Into this already combustible atmosphere, Fisman and his co-authors tossed in a paper suggesting that being unvaccinated against Covid-19 was a risk to the community in the same way as indoor smoking or drunk driving. ‘We thought what was missing from that conversation was, what are the rights of vaccinated people to be protected from unvaccinated people,’ he told CTV evening news. In his upside-down world, it was a crime to refuse a medical treatment and breathe the same air as others.

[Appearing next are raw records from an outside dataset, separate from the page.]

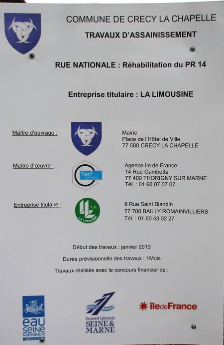 Voici deux panneaux de chantiers en place dans Crécy en ce début d’année 2013. Le premier est situé sur la RD934 (Rue nationale – près de la piscine), il nous avertit de l’imminence d’un début de chantier qui concerne des travaux d’assainissement (prévu en janvier). Le second n’est pas très éloigné du premier. Planté dans la rue de la Ferté, il nous informe de la création d’un nouveau lotissement. L’affiche nous laisse penser que ce lotissement est communal, mais ce n’est peut-être pas le cas. Nous comptons sur les commentaires des Brionautes pour obtenir des précisions à ce sujet. En attendant, voici le premier jeu de l’année 2013. Il y a, sur ces panneaux, quelques erreurs cocasses. Il en est une qui a déjà été observée à une autre occasion et signalée du même coup aux autorités. Sauriez-vous identifier ces anomalies ? |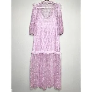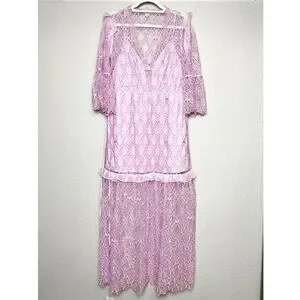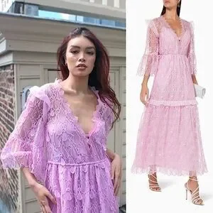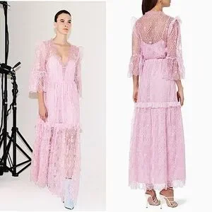 NWT SELF PORTRAIT Lilac Crochet Mesh Lace Tiered Ruffle Fairycore Maxi Dress 6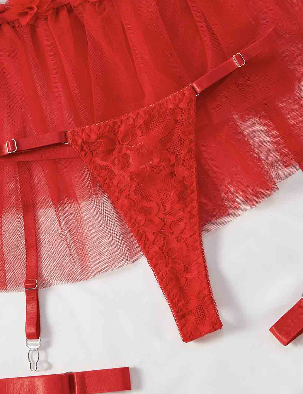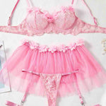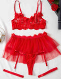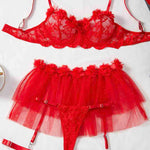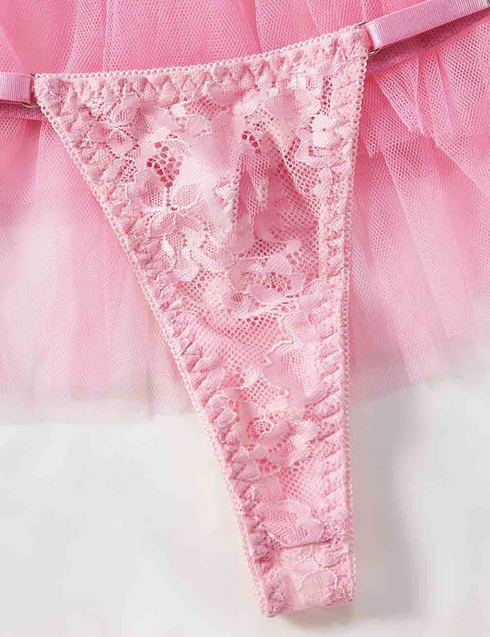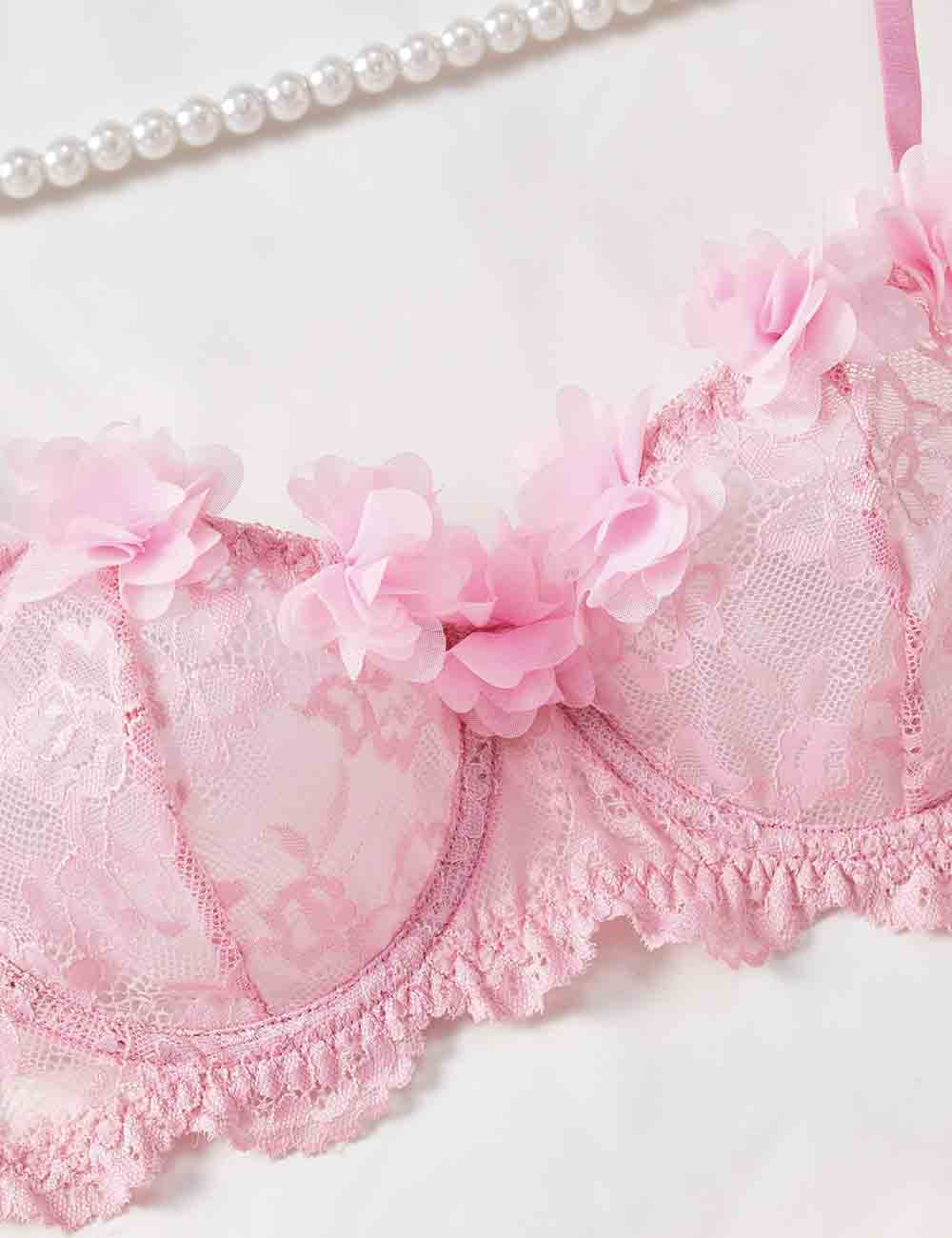 Ladies Floral Splice See Through 3PCS Lingerie Set 8HF4247

Prime Minister Trudeau now gaslights Canadians by saying, ‘My responsibility was to keep as many Canadians alive as possible. And all of the scientists and the medical experts and the researchers, not just in Canada but around the world, understood that vaccination was going to be the way through this. And therefore while not forcing anyone to get vaccinated I chose to make sure that all the incentives and all the protections were there to encourage Canadians to get vaccinated.’
Watteel had never heard of Fission until April 2022. There is a laudable motivation behind her efforts to expose Fisman’s fraud. She writes of his paper, ‘Not only did it work to vilify an identifiable group of people, but there are no protections or mechanisms in place to prevent this from happening again . . . This is especially concerning, as Fisman leads the modelling for future pandemic preparedness and response at UofT’s Institute for Pandemics, showing that greater scrutiny of data and statistics is needed to prevent future scientific abuses.’
Fisman has an influential pulpit. As Regina Watteel ably argues, his pronouncements on epidemic modelling, which are far more extreme than any put forward by Neil Ferguson, need to come with a health warning. Your own health may depend on it.